There are several occasions when I don’t remember passwords to the PDF documents that are sent by banking services (banking statements) and telephone operators (mobile bills). Most of these documents, as you are aware, are password protected by complicated looking yet easy to guess passwords. For example, one of the password formats could be: your 8 digit customer ID ending with 45 concatenated with your date of birth in DDMMYYYY format. If your customer ID for this particular service was 12345645 and your date of birth was 18th August 1990, your password would be 1234564518081990. You get the drift right?

In any case, this is a complex looking long number but because you know how it is constructed, we can create a simple brute force script that uses the information available to us and attempts to decrypt a supplied PDF file.

The following non-elegant python script uses the pyPDF python library to attempt decryption on a PDF file with a password that is created on the fly using a logic that we already know. This script can be easily modified for different password generation algorithms. The following code in particular can be used to brute force passwords of the PDF mobile bills of one of the largest mobile operators in India. The format is the combination of the first 4 characters of your email in lowercase and a random 4 digit number (RIYA1267).

Note that this script was tested on a PDF encrypted with 128 bit RC4 (most credit card statements) with 100% success. A wider implementation would be to loop something like qpdf with the passwords being generated using its --pasword='<password>' and --decrypt option.

Anyways, here’s the simplified version with pyPDF:

import sys
from pyPdf import PdfFileReader

helpmsg = "Simple PDF brute force script\n"
helpmsg += "Cracks pwds of the format <first 4 chars of email>0000-9999."
helpmsg += "Example: snow0653\n\n"
helpmsg += "Usage: pdfbrute.py <encrypted_pdf_file> <email_address>"
if len(sys.argv) < 2:
        print helpmsg
pdffile = PdfFileReader(file(sys.argv[1], "rb"))
if pdffile.isEncrypted == False:
        print "[!] The file is not protected with any password. Exiting."
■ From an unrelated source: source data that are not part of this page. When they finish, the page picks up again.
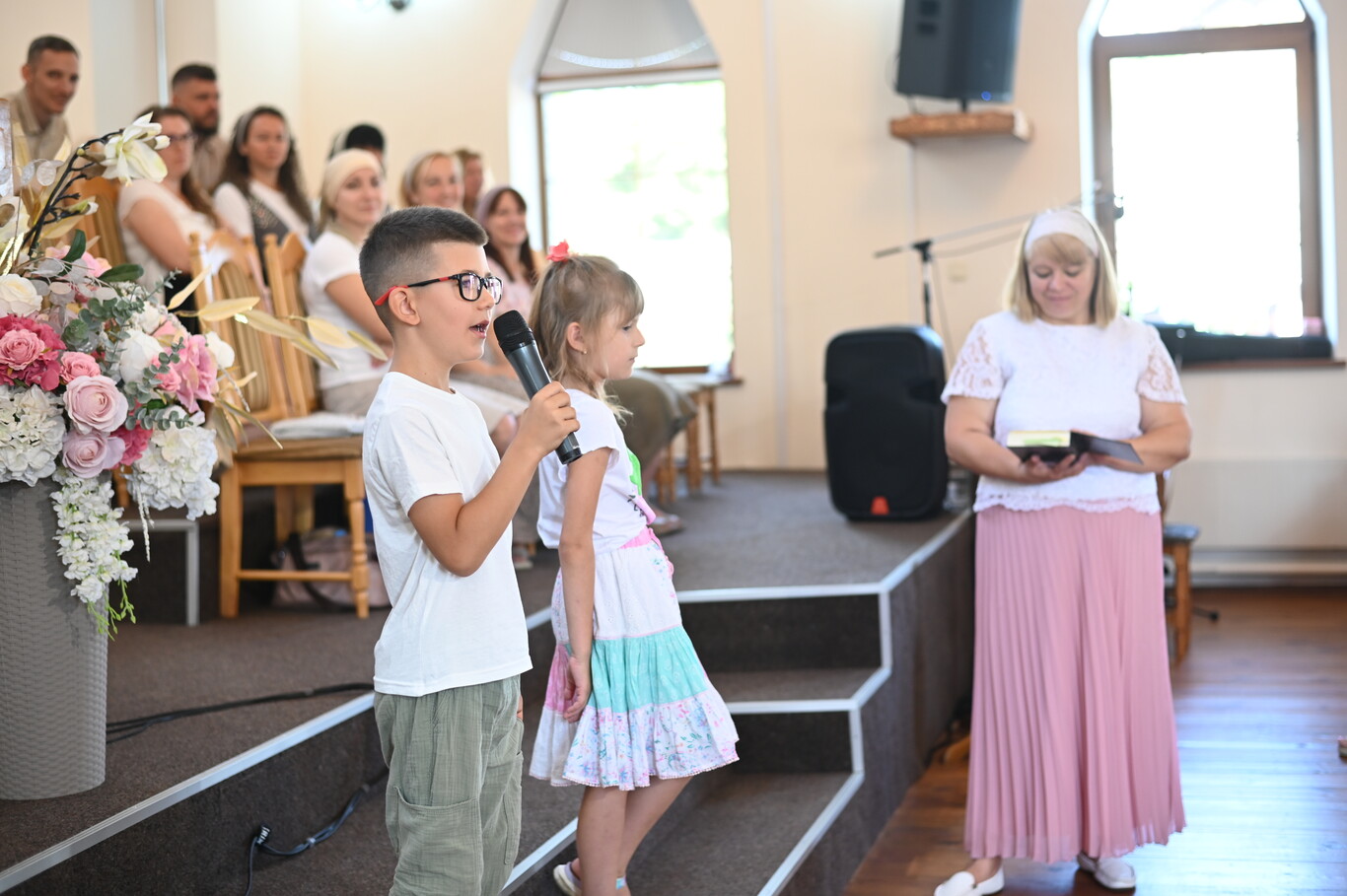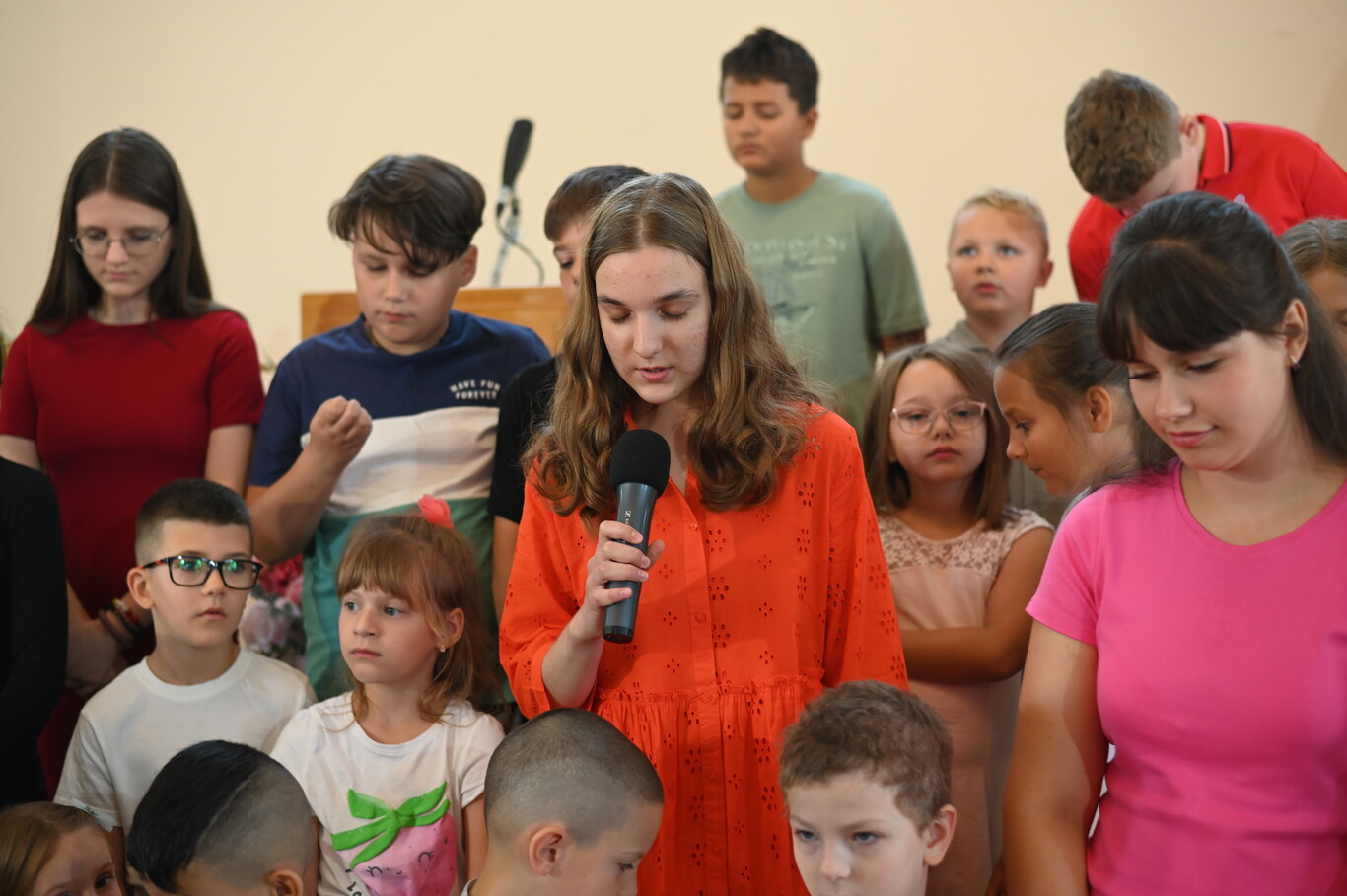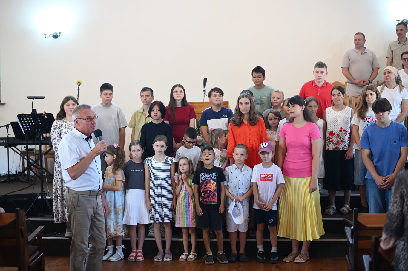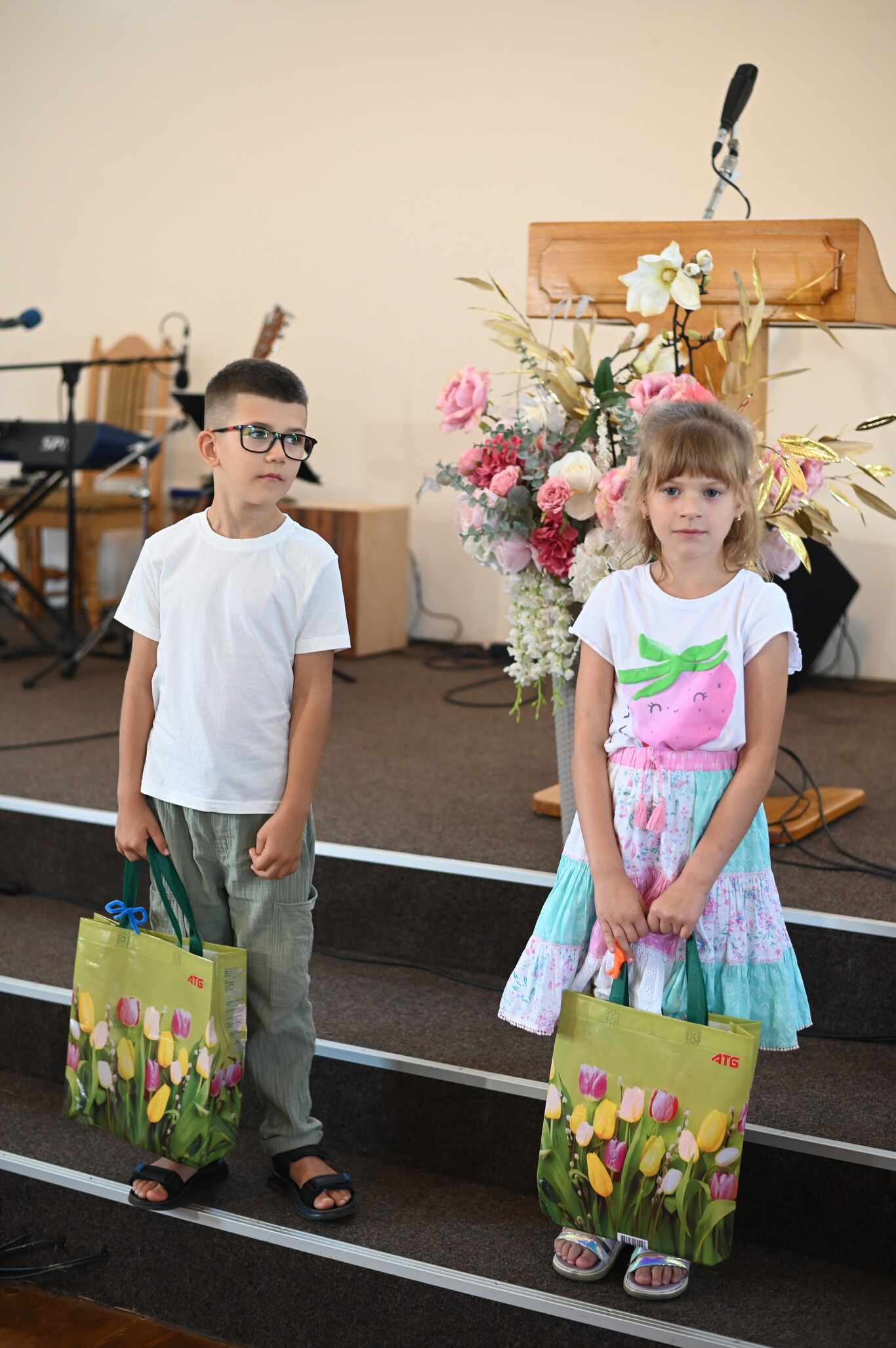 Потім пастор церкви запросив всіх учнів і студентів вийти вперед для молитви благословіння. В настанові Петро Васильович звернув увагу дітей на дві речі, які чекає від них Господь, а саме: слухняність і вдячне серце.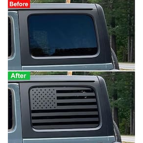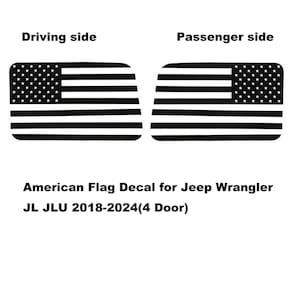 Zxiaochun Decalque de janela traseira da bandeira americana compatível com Jeep Wrangler JL JLU 2018-2023 2024 (versão de 4 portas), vidro de janela lateral traseira pré-cortado adesivo de vinil da - 1 par de decalques de janela traseira acessórios da bandeira americana para Wrangler JL JLU Exterior. - Compatível com Jeep Wrangler JL JLU 2018 2019 2020 2021 2022 2023 2024. Serve apenas para Wrangler JL JLU de 4 portas, não 2 portas. - Os adesivos são feitos de vinil, pré-cortados para facilitar a aplicação e não deixam manchas ou resíduos quando removidos. - Este decalque é projetado e fabricado com base em elementos da bandeira americana, use-o para decorar seu caminhão Wrangler e mostrar seu patriotismo enquanto muda a aparência do seu veículo. - Fácil de instalar, vem com ferramentas de instalação e instruções.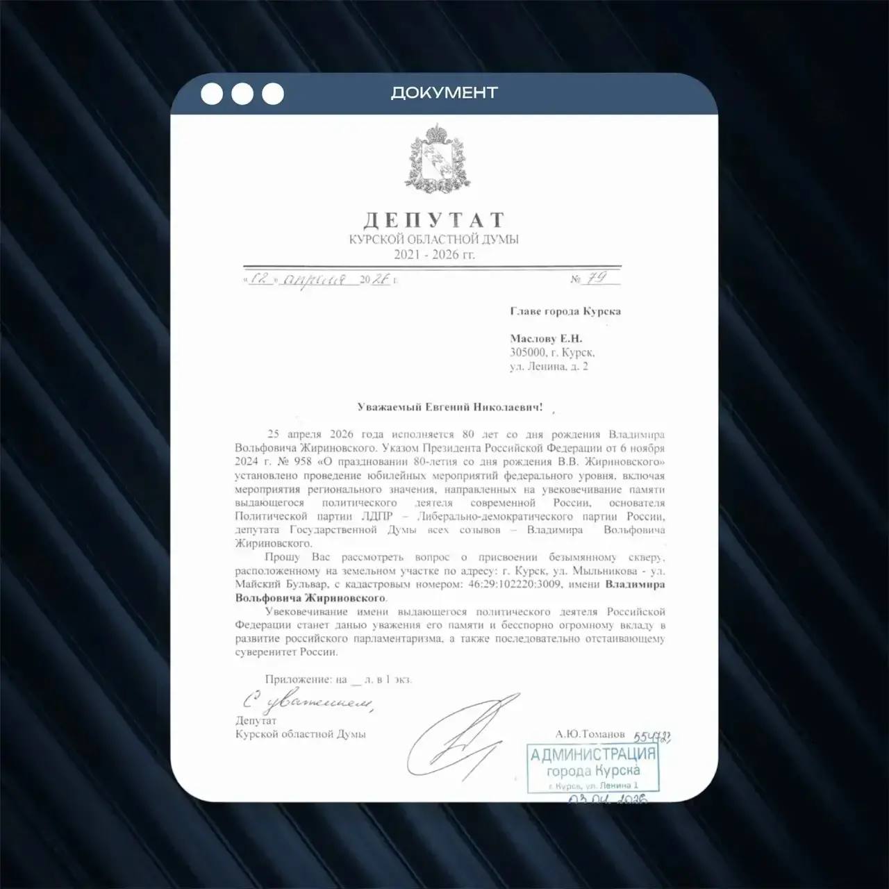 Обратился к главе города Курска Евгению Маслову с инициативой присвоить безымянному скверу, расположенному на пересечении ул. Мыльникова и Майского бульвара имя Владимира Вольфовича Жириновского.

print "[+] Attempting to Brute force. This could take some time..."

z = ""
for i in range(0,9999):
        z = str (i)
        while (len(z) < 4):
                z = "0" + z
        a = str(sys.argv[2][:4] + str(z))
        if pdffile.decrypt(a) > 0:
                print "[+] Password is: " + a
                print "[...] Exiting.."

Feel free to modify this code and share/redistribute!

Happy Hacking!